The energy transition is going to be private-sector-led, but “government-enabled and government-accelerated,” he said.

‘Air of Inevitability’

Crane has a history of energy industry disruption, going back to his tenure as CEO of NRG Energy from 2003 to 2015. Under his leadership, the company began closing coal plants and deployed a number of renewable energy projects, including the Ivanpah concentrated solar project, which placed thousands of reflecting mirrors and three massive solar power towers in the Mojave Desert.

Crane was fired from NRG in December 2015, after the company’s stock price tumbled 63% in 11 months — a history that provoked tough questioning from Democrats and Republicans during his confirmation hearing before the Senate Energy and Natural Resources Committee in November 2022.

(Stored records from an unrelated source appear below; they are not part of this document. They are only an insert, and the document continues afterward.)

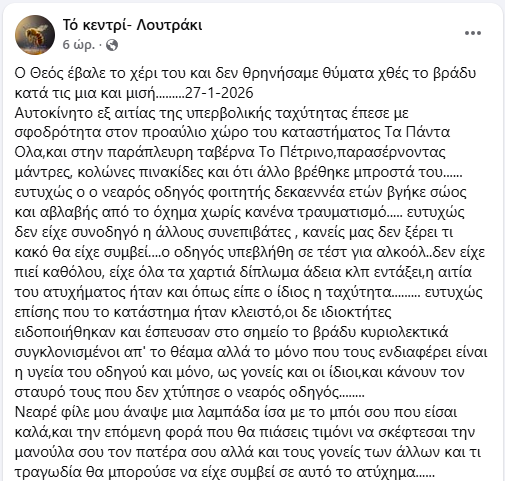 ΚοινωνικάΠΡΩΤΟΣΕΛΙΔΑ ΛΟΥΤΡΑΚΙ: …Παραλίγο τραγωδία! -Όχημα εκτός ελέγχου! -Προκλήθηκαν ζημιές σε κατάστημα και ταβέρνα! (φωτο) 27 Ιανουαρίου, 2026 FacebookTwitterPinterestWhatsApp Η ανάρτηση από το Κεντρί- Λουτράκι: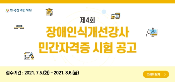 한국장애인재단(이사장 이성규, 이하 재단)이 오는 8월 6일까지 ‘제4회 장애인식개선강사 민간자격증’ 접수를 2주일 연장한다.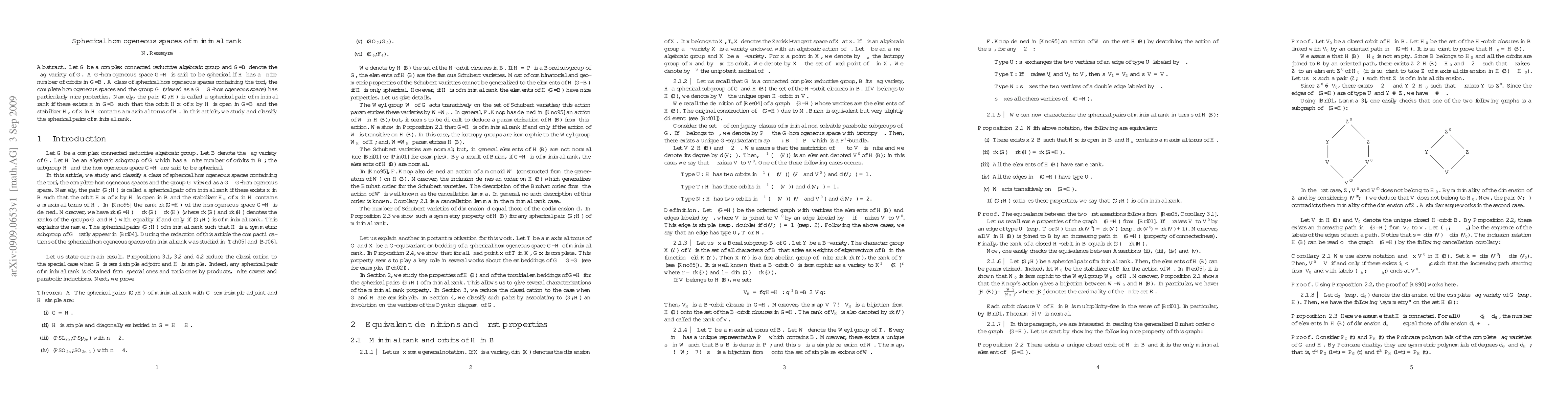 This paper classifies spherical homogeneous spaces of minimal rank for complex connected reductive algebraic groups, focusing on pairs $(G,H)$ where $H$ acts on $G/B$ with an open orbit and $H_x$ contains a maximal torus of $H$. The study reveals the structure and properties of these special spherical pairs.
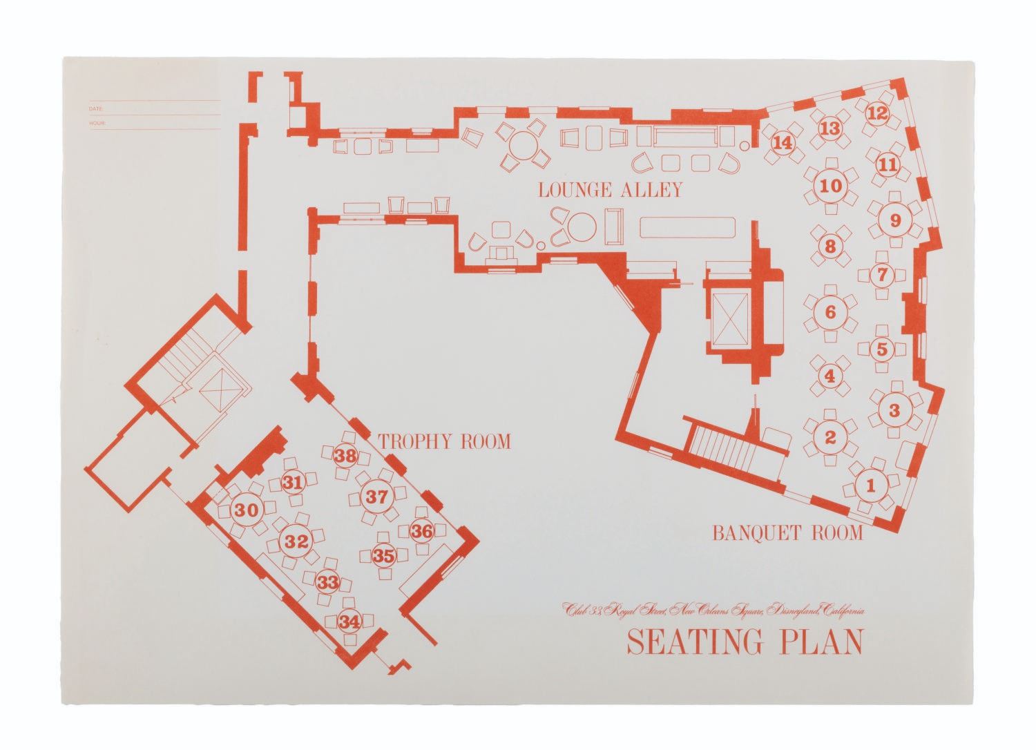 (Disneyland, 1967) A seating plan for the exclusive New Orleans Square restaurant, Club 33. This map from the early days of the VIPs-only establishment includes the trophy room, lounge alley, and banquet room. Measuring 10" x 14", the paper seating plan is in very good condition with light creases, wear, and discoloration from age.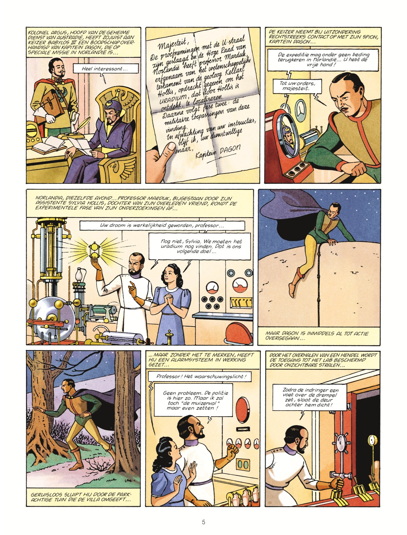 heruitgave van deze strip In 1943 lanceerde een zekere Edgard Félix Pierre Jacobs in het Belgische weekblad Bravo! een saga met de titel De “U” straal. Die was bedoeld als opvolger van de avonturen van Flash Gordon, die door de Duitse censuur was verboden. De beruchte kapitein Dagon, lid van de Austradische geheime dienst, infiltreert in een door Norlandië geleide missie naar de Zwarte Eilanden, die tot doel heeft uradium, een mineraal met wonderbaarlijke eigenschappen, in handen te krijgen. De expeditie zal buitengewone avonturen beleven... Het visuele universum en de personages van De 'U' straal kondigen de avonturen van Blake en Mortimer aan, een reeks waaraan de auteur onder het pseudoniem Edgar P. Jacobs in 1946 met Het geheim van de zwaardvis zal beginnen. Deze nieuwe editie van deze klassieker in de negende kunst is ingekleurd door Bruno Tatti, in overeenstemming met Jacobs' oorspronkelijke palet. Jacobs' waarschuwing heeft niets aan actualiteit ingeboet: de excessen van de wetenschap en de droom van almacht dreigen de mensheid naar haar ondergang te leiden...
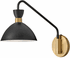 Lark Simon 8-in Single Light Plug-in Wall Sconce - Metal Shade, Articulating Arm, Hidden Mounting Hardware, On/Off Switch - Matte Black + Heritage Brass

Crane defended his record, noting that a number of independent power producers had seen similar losses at that time, and that his long experience “at the intersection of big capital and big energy projects” gave him the skill set needed at the OCED. (See Former NRG CEO Faces Tough Questions at Senate ENR Hearing.)

With confirmation now behind him, Crane next wants to push heavy industry and heavy-duty land transportation sectors to raise their ambitions and cut their timelines for decarbonization.

“When the environmentalists labeled aluminum, steel, concrete, chemicals [and] petrochemicals as hard-to-abate sectors, they gave those industries sort of an easy pass to deep decarbonization in the 2030s, not the 2020s,” he said. With $6.3 billion in IIJA funding, Crane wants to kick industrial decarbonization timelines back into the 2020s.

“We need to create an air of inevitability that these things are going to happen so that everyone’s moving in the same direction,” he said. While the industry will always have first movers and fast followers that do early projects, “we just don’t want a lot of slow-moving laggards,” he said.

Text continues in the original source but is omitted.